The Valencian Community is one of the main producers of rice and citrus in Spain. Rice straw (residue from rice paddy fields) is usually eliminated by controlled burning of crops. On the other hand, residues of citrus fruit pruning are also eliminated by burning or shredding in green and subsequent incorporation into the soil. All these practices cause massive emissions of greenhouse gases in the atmosphere.

In order to use the rice straw and the residues of citrus fruit pruning, the Project LIFE16/CCM/ES/000088 has designed LOWCARBON FEED diets for feeding ruminants. Its main goal is to reduce the burning of these horticultural residues and recycle them to livestock production.

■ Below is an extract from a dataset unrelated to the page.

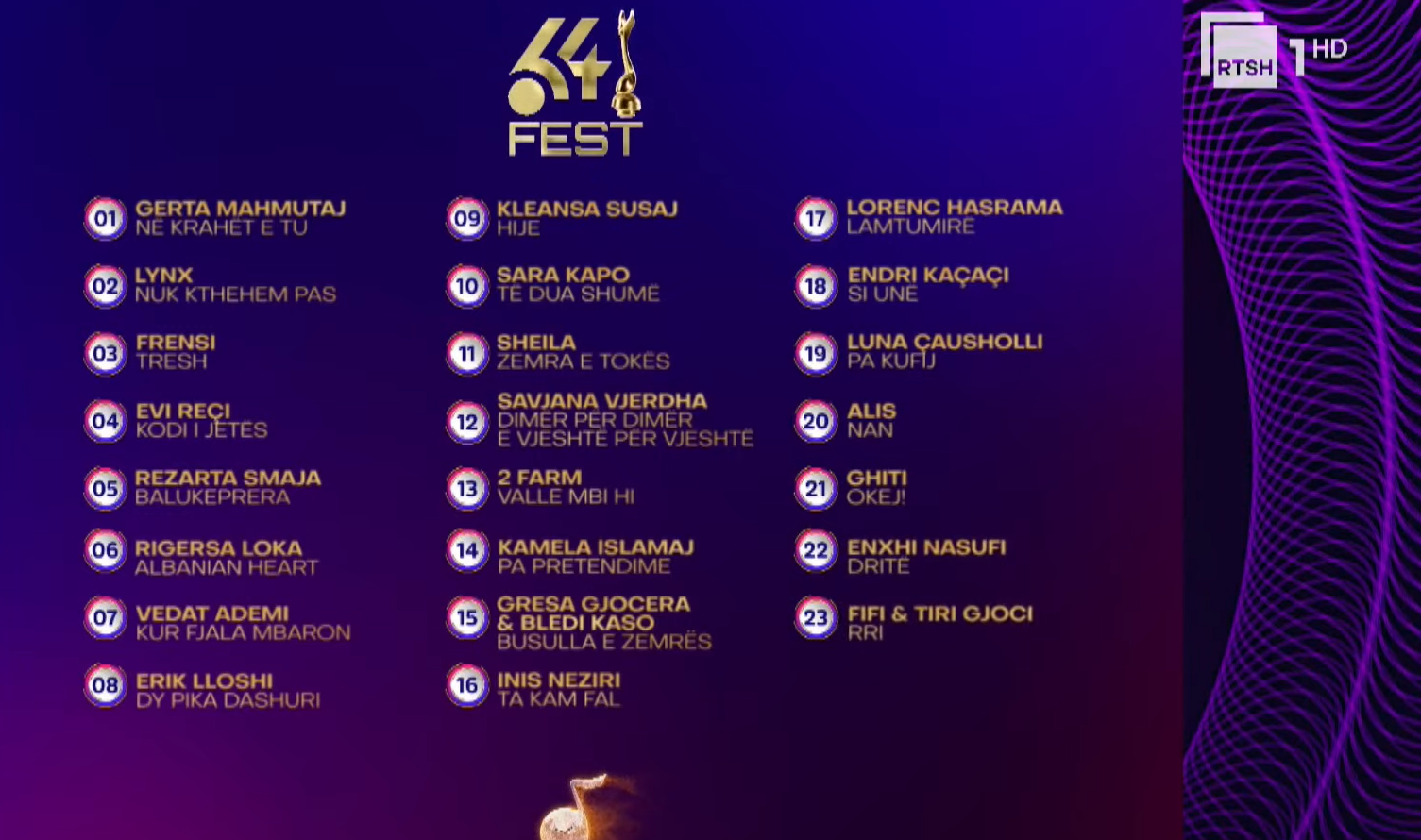 Në mbrëmjen e sotme garojnë 23 këngëtarë, ku njëri prej tyre do të triumfojë në çmimin e madh që do ta dërgojë për Festivalin Europian të Këngës.

The ruminant animal used as a model in these studies were Murciano-Granadina dairy goats in the middle of lactation. The first LOWCARBON FEED diets incorporated rice straw and orange and/or lemon leaf residues into a concentrated feed. That is, these residues were not used as forage sources, but were included as an additional ingredient in the concentrate. In this case, citrus residues and rice straw partially replaced cereal grains. Alfalfa hay was used as the forage source, and the forage concentrate ratio was 40:60. Table shows diet chemical composition.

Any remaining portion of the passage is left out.